Pricing pressure from our customers is characteristic of the automotive parts industry. This pressure is substantial and will continue. Virtually all OEMs have policies of seeking price reductions each year. Consequently, we have been forced to reduce our prices in both the initial bidding process and during the terms of contractual arrangements. We have taken steps to reduce costs and resist price reductions; however, price reductions have negatively impacted our sales and profit margins and are expected to do so in the future. In addition to pricing concerns, we continue to be approached by our customers for changes in terms and conditions in our contracts concerning warranty and recall participation and payment terms on products shipped. We believe that the likely resolution of these proposed modifications will not have a material adverse effect on our financial condition, results of operations or cash flows.
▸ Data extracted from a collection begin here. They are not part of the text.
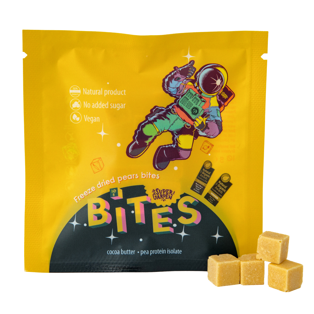 Ingredients: pears, cocoa butter, pea protein isolate.
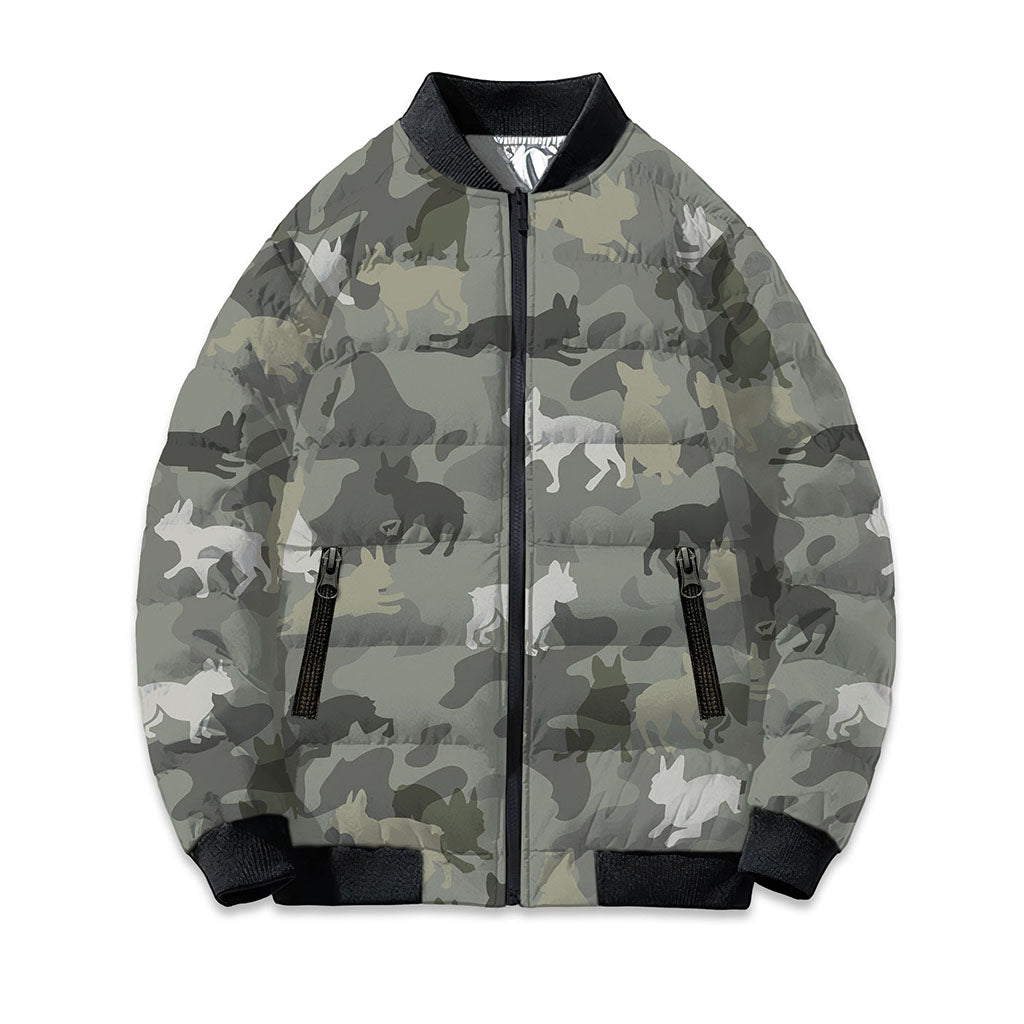 Boston Terrier Camo Puffer Bomber Jacket - Warm Winter Coat For Dog Lover
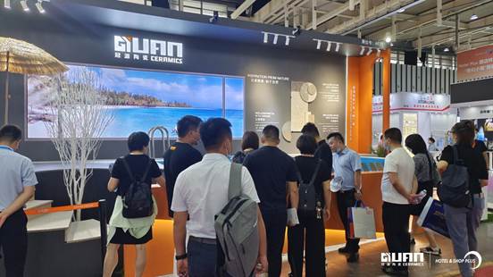 獨樹一幟的“泳池旁地磚系列”,以模擬泳池的方式對產(chǎn)品進(jìn)行實景式陳列,體現(xiàn)生態(tài)石英磚高端花色的超強空間運用和設(shè)計能力。隨著酒店及商業(yè)空間行業(yè)的發(fā)展,大眾對于建筑裝飾材料和建筑與室內(nèi)設(shè)計的認(rèn)知也在逐漸發(fā)生著變化。新型環(huán)保材料和創(chuàng)意空間設(shè)計的強強聯(lián)合成為了酒店及商業(yè)空間在眾多競爭對手中脫穎而出的重要動力之一。加強輸出和諧共生的自然環(huán)保理念,于繁華都市中靜心做事潛心打磨,實現(xiàn)從原料—加工—成品,瓷磚生產(chǎn)全過程的生態(tài)環(huán)保,并將此傳遞給更多人,共護(hù)綠色地球。憑借產(chǎn)品高顏值和簡約精致的產(chǎn)品造型引起人們駐足流連,創(chuàng)想無限的展廳設(shè)計和順應(yīng)大環(huán)境的主題吸引包括設(shè)計師、建筑師、地產(chǎn)商、開發(fā)商、酒店管理公司、物業(yè)管理公司、協(xié)會、媒體等駐足品鑒。展位人氣爆棚,一批又一批的客戶、經(jīng)銷商在經(jīng)過專業(yè)團(tuán)隊介紹產(chǎn)品后,都向廠方表達(dá)了強烈的合作意向。
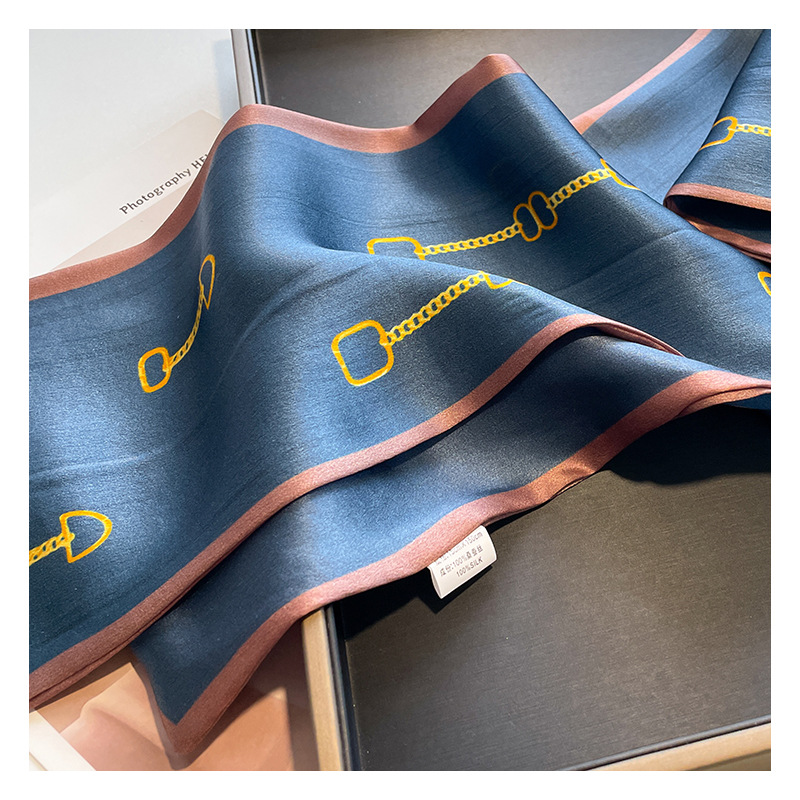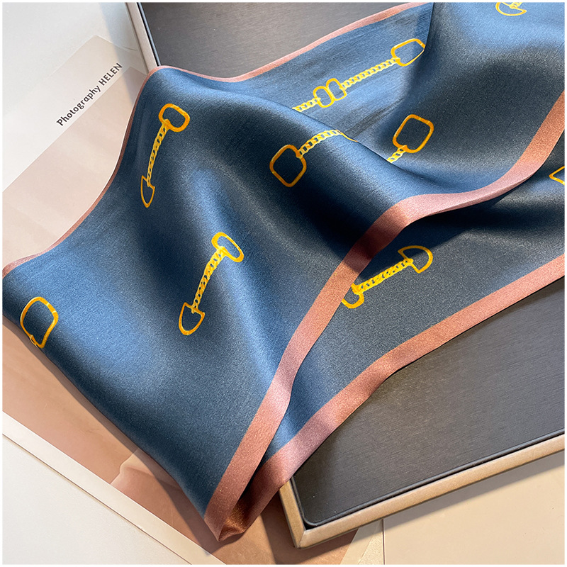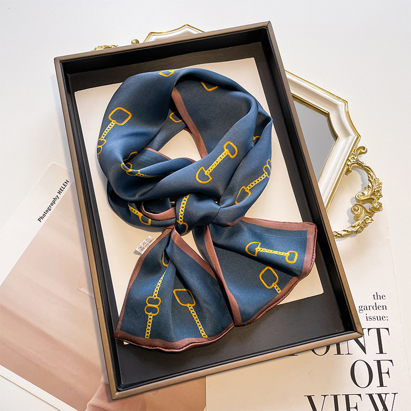 韩版清新马蹄链双层真丝飘带桑蚕丝职业领巾真丝丝巾女绑包长丝巾
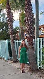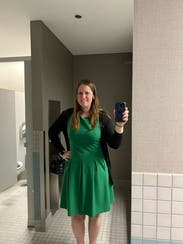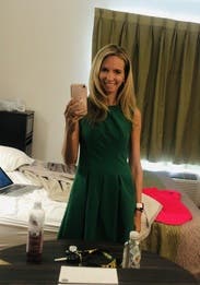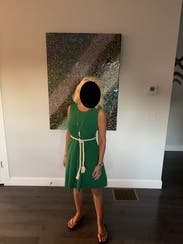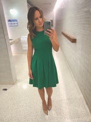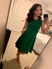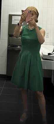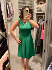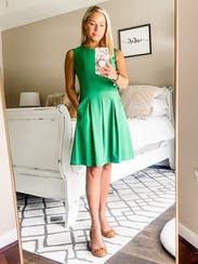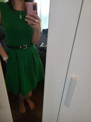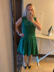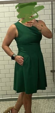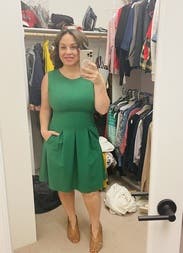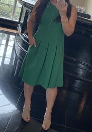 This beautiful dress was worn for work and was super flattering. I absolutely loved the vibrant green color and received many compliments. I also loved the pocket detailing on this dress. Highly recommend.
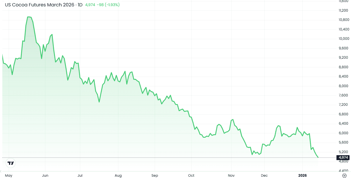 Цены на какао в Нью-Йоркское снизились на 124 доллара, или на 2,4%, до 4966 долларов за метрическую тонну после падения до 4839 долларов, самого низкого уровня почти за два года.
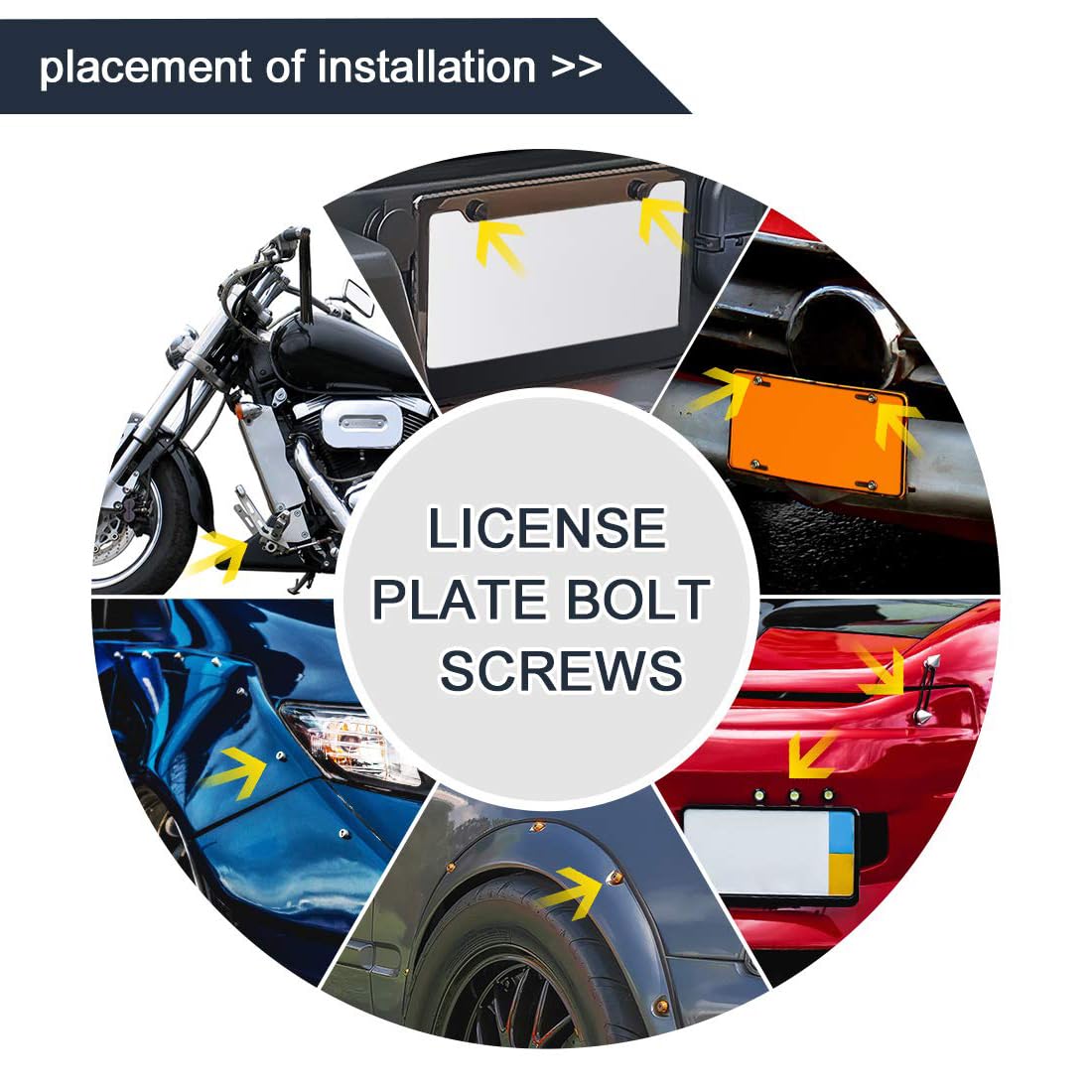 DescriptionGreat replacement for the old, broken bolts/screws in both the front and back license plates, fender, bumper or other parts you like. Easy to apply, style accessories for All cars, motorcycle and some trucks. These fasteners designed to deter removal of a license plate. Throw the original bad bolts/screws of the license plate frame and install our beauty. Stars shape design shows the beauty characteristic, prefect to decorate your car. Note: please check the size of screw on your need before buying.
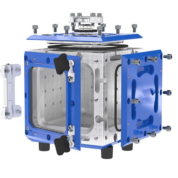 The large inner dimensions and open design of   Vacuum Cubes makes them perfect for many vacuum chamber applications and experiments. Vacuum Cubes are constructed of lightweight 6061-T6 aluminum alloy, allowing them to be easily transported around the lab and mounted on optical tables (unlike heavy stainless steel vacuum chambers). A patent-pending seal protective design, stainless steel thread inserts, and powder-coated outside plate finish help make the Vacuum Cube a durable tool for even the most demanding use.

Foreign Currency Exchange Impact. The favorable impact on our reported earnings in U.S. dollars resulting from the translation of results denominated in other currencies, mainly the euro, which has appreciated against the U.S. dollar, was partially offset by the negative impact of certain other currency fluctuations. Even after hedging these other currency exposures, significant fluctuations, primarily the strengthening of the Canadian dollar and Brazilian real against the U.S. dollar and the strengthening of the Polish zloty and Czech koruna against the euro, negatively impacted our margins.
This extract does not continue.